Task details: From the entries below, transcribe exactly the lines between the line holding "Автоорганайзер CABULE на" and the line holding "The CA 1110", inclusive; skip all other lines.

Data records:
——————————
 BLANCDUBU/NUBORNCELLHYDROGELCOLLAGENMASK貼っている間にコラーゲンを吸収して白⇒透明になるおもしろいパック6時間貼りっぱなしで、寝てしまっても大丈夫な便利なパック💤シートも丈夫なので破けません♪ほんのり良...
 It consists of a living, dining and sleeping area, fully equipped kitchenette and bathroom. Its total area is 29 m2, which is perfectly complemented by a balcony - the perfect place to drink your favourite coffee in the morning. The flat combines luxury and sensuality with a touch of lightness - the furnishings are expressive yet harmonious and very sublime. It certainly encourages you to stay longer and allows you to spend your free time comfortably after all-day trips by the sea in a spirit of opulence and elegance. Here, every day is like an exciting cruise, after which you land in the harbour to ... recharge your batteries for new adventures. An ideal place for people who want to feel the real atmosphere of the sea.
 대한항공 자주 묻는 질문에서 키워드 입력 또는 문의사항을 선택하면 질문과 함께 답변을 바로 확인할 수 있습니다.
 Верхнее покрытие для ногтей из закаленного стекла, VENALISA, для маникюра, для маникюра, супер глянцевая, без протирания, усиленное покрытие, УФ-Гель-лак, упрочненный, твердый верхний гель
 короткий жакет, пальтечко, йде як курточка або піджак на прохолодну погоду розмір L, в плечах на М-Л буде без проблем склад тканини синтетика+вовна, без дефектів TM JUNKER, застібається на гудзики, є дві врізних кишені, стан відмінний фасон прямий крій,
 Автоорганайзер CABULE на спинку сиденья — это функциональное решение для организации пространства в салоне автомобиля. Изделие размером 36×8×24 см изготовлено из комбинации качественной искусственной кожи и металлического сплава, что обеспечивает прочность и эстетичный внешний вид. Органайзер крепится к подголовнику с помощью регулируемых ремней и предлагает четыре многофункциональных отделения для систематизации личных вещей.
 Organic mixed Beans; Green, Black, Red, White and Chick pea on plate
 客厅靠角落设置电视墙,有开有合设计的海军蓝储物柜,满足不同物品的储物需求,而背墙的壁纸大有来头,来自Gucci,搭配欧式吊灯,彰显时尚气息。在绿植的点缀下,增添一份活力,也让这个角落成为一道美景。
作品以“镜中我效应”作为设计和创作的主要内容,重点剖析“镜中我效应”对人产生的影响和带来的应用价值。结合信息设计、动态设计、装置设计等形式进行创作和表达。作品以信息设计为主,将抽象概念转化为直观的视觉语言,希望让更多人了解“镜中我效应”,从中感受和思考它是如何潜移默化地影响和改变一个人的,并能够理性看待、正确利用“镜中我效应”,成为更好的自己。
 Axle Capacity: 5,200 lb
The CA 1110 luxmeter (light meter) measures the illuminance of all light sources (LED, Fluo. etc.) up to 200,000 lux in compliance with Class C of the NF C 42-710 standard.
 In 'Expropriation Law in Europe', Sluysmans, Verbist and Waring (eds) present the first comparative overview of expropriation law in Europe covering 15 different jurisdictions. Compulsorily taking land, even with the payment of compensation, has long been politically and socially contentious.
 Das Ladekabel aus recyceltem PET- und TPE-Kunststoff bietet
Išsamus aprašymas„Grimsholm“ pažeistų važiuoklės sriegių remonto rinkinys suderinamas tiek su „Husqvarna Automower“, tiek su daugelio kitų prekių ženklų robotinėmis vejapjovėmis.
——————————
Exercise solution:
 Автоорганайзер CABULE на спинку сиденья — это функциональное решение для организации пространства в салоне автомобиля. Изделие размером 36×8×24 см изготовлено из комбинации качественной искусственной кожи и металлического сплава, что обеспечивает прочность и эстетичный внешний вид. Органайзер крепится к подголовнику с помощью регулируемых ремней и предлагает четыре многофункциональных отделения для систематизации личных вещей.
 Organic mixed Beans; Green, Black, Red, White and Chick pea on plate
 客厅靠角落设置电视墙,有开有合设计的海军蓝储物柜,满足不同物品的储物需求,而背墙的壁纸大有来头,来自Gucci,搭配欧式吊灯,彰显时尚气息。在绿植的点缀下,增添一份活力,也让这个角落成为一道美景。
作品以“镜中我效应”作为设计和创作的主要内容,重点剖析“镜中我效应”对人产生的影响和带来的应用价值。结合信息设计、动态设计、装置设计等形式进行创作和表达。作品以信息设计为主,将抽象概念转化为直观的视觉语言,希望让更多人了解“镜中我效应”,从中感受和思考它是如何潜移默化地影响和改变一个人的,并能够理性看待、正确利用“镜中我效应”,成为更好的自己。
 Axle Capacity: 5,200 lb
The CA 1110 luxmeter (light meter) measures the illuminance of all light sources (LED, Fluo. etc.) up to 200,000 lux in compliance with Class C of the NF C 42-710 standard.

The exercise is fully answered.